Physical modification of SWCNTs using an amphiphilic RAFT copolymer

Single-walled carbon nanotubes (SWCNTs) exhibit peculiar mechanical, thermal, and optical properties and are considered promising materials for a large number of applications. Regrettably, SWCNTs are insoluble in organic as well as in aqueous solvents due to strong van der Waals and ?-? intertube interactions. This makes quantitative photophysical investigations rather challenging, strongly limiting their applicative potential in optoelectronics. The establishment of dispersion protocols for SWCNTs is therefore of capital importance to enable their effective exploitation.
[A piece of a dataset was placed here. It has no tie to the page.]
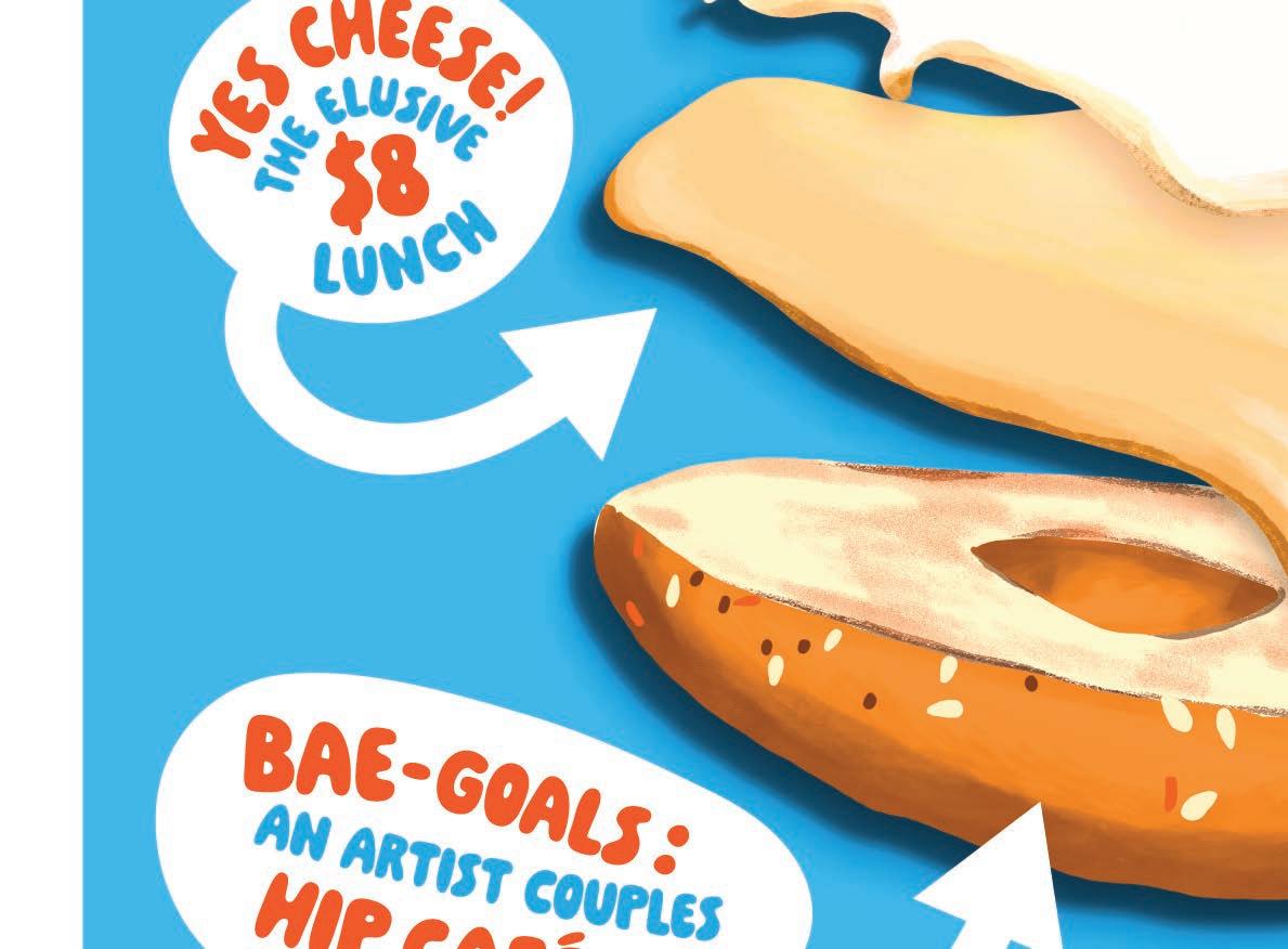 Illustration and design by Jennifer Galler. This deconstructed sandwich is zany, punny and a fun lighthearted approach to our 2023 Breakfast and Lunch Guide! Please enjoy!

Generally, the approaches used for the individualization of carbon nanotubes are based on chemical functionalization or physical modification. The latter approach uses non-covalent interactions between SWCNTs and suitable amphiphilic molecules that prompts debundling of the nanotubes without altering their intrinsic electronic properties. Common surfactants (e.g. SDS, SC, SDBS) are typically used for this purpose in aqueous environment. We report an effective strategy for the preparation of single-walled carbon nanotube dispersions, based on the use of an amphiphilic polymer (poly(2-hydroxy-3-morpholinopropy methacrylate)-b-polystyrene, PHMPMA-b-PSt) and compare it with a standard surfactant (SDBS) and another polymer lacking pendant phenyl groups (poly(2-hydroxy-3-morpholinopropy methacrylate)-b-poly(butyl acrylate), PHMPMA-b-PBA). The polymers used in this work are obtained by post-polymerization treatments of RAFT synthesized poly(glycidyl methacrylate)-b-polystyrene (PGMA-b-PSt) and poly(glycidyl methacrylate)-b-poly(butyl acrylate) (PGMA-b-PBA). We found that the PHMPMA-b-PSt polymer can interact non-covalently with the SWCNTs through its hydrophobic chain, whilst the hydrophilic part enables solubilization in water. The dispersion obtained and the capability of our polymer to debundle the SWCNTs is demonstrated by electronic absorption spectra, photoluminescence mapping and atomic force microscopy studies.